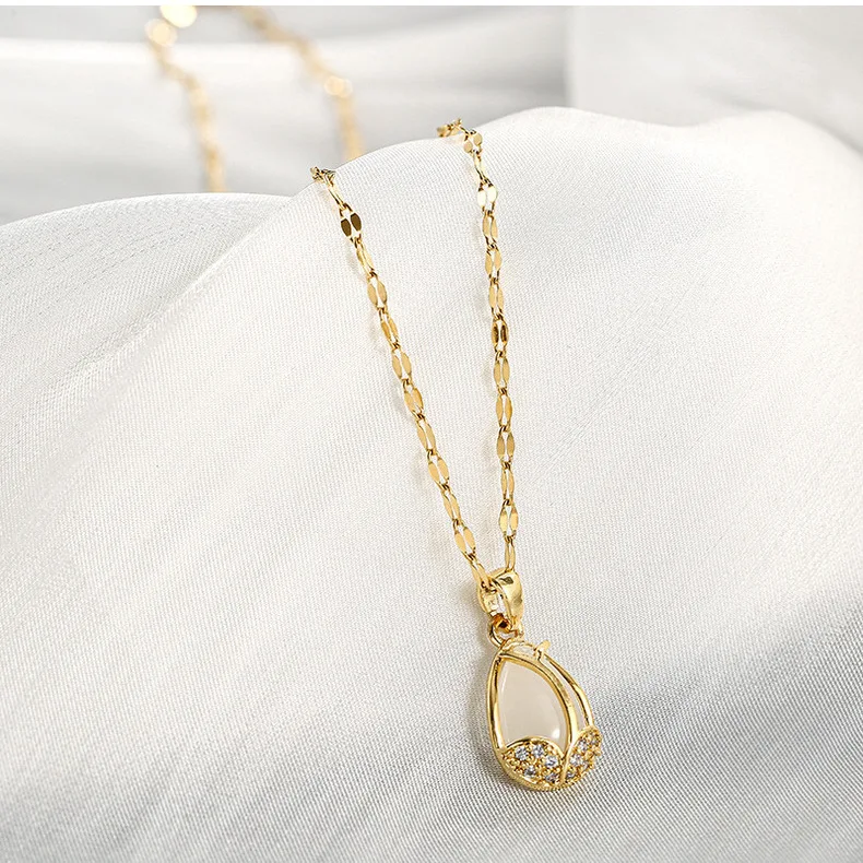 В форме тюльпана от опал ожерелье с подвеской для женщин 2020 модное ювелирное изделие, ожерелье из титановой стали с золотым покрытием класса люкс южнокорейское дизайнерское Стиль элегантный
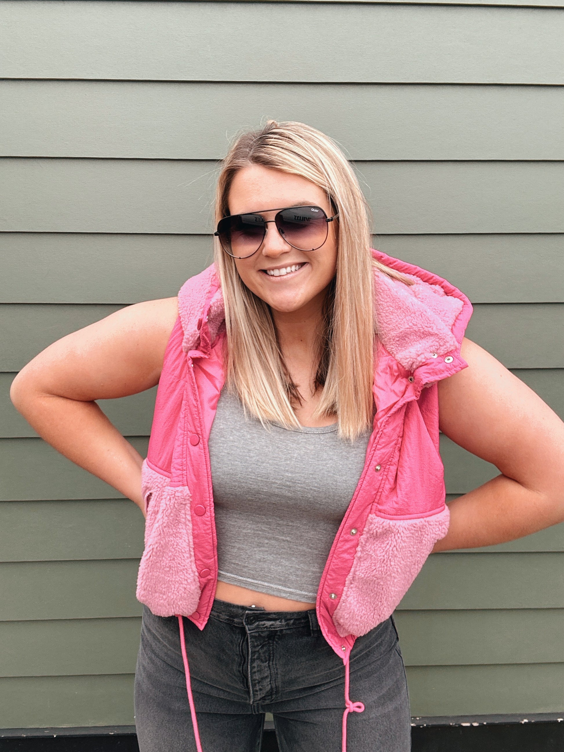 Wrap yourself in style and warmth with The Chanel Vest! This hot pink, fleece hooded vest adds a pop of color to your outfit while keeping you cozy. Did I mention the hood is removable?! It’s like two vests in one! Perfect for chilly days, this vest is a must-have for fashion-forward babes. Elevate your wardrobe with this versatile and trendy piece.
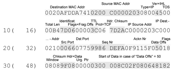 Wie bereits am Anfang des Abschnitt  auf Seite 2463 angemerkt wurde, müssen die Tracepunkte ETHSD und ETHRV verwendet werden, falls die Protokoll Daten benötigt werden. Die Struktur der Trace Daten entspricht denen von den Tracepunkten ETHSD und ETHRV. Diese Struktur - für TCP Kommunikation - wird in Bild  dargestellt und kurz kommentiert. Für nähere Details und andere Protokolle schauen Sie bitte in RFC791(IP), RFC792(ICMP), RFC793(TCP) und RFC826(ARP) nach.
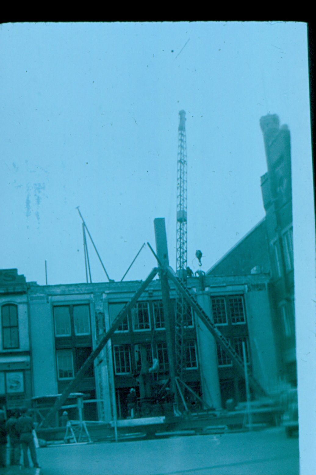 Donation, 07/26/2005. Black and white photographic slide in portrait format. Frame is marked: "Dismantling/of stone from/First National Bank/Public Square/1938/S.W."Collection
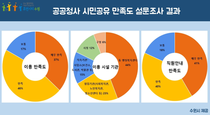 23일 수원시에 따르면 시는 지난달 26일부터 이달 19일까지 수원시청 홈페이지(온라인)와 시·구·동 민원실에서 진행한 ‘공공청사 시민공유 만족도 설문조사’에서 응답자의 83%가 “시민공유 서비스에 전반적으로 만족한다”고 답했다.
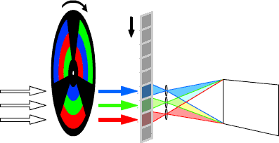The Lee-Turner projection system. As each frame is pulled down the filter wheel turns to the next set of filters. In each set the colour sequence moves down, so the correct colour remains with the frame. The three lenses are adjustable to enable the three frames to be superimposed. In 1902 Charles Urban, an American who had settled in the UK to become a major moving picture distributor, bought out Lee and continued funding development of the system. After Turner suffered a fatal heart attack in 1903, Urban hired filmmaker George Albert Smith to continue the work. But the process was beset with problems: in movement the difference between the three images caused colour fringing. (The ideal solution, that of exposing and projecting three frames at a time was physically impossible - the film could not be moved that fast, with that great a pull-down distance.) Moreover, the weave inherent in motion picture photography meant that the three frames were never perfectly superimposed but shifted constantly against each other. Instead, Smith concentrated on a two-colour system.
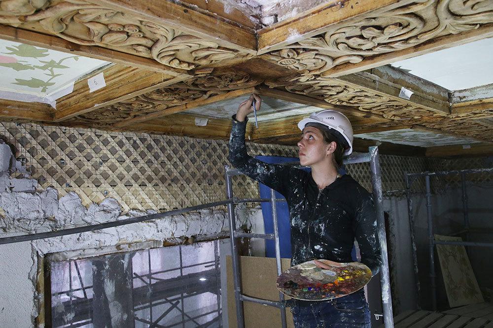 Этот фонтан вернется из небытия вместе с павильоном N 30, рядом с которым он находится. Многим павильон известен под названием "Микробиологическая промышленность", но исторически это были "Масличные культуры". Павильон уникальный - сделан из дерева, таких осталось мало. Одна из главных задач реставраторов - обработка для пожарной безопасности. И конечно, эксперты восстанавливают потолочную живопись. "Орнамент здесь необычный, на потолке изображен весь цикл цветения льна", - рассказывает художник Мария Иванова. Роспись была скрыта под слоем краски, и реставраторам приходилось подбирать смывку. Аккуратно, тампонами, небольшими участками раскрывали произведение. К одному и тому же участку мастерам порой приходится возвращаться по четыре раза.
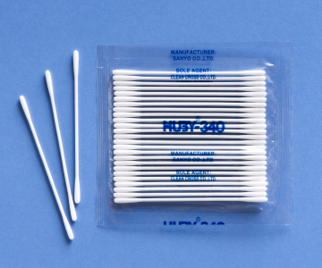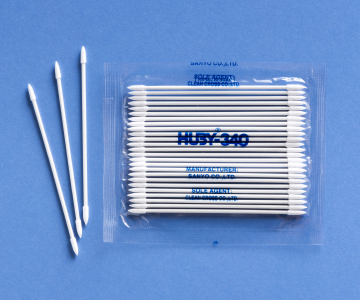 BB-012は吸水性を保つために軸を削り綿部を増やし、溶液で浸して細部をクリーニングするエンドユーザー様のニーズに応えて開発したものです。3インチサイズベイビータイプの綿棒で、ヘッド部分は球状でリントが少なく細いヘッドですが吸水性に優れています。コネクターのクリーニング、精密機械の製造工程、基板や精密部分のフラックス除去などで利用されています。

...

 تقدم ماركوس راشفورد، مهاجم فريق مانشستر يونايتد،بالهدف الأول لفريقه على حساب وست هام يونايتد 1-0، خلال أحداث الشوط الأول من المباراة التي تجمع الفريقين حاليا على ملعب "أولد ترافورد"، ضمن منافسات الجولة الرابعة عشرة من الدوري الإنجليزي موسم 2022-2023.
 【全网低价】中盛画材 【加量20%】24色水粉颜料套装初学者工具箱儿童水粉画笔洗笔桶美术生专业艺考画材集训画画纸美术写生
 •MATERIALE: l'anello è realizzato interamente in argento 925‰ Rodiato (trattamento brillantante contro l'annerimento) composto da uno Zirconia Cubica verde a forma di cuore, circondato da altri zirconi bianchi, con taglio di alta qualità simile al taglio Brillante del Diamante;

• EXERCISE: Starting from the line with "В форме тюльпана" in the records above, repeat each line exactly until you have written the line with "Wrap yourself in", then stop; drop the pictures.

• ANSWER FOR THIS EXERCISE:
 В форме тюльпана от опал ожерелье с подвеской для женщин 2020 модное ювелирное изделие, ожерелье из титановой стали с золотым покрытием класса люкс южнокорейское дизайнерское Стиль элегантный
 Wrap yourself in style and warmth with The Chanel Vest! This hot pink, fleece hooded vest adds a pop of color to your outfit while keeping you cozy. Did I mention the hood is removable?! It’s like two vests in one! Perfect for chilly days, this vest is a must-have for fashion-forward babes. Elevate your wardrobe with this versatile and trendy piece.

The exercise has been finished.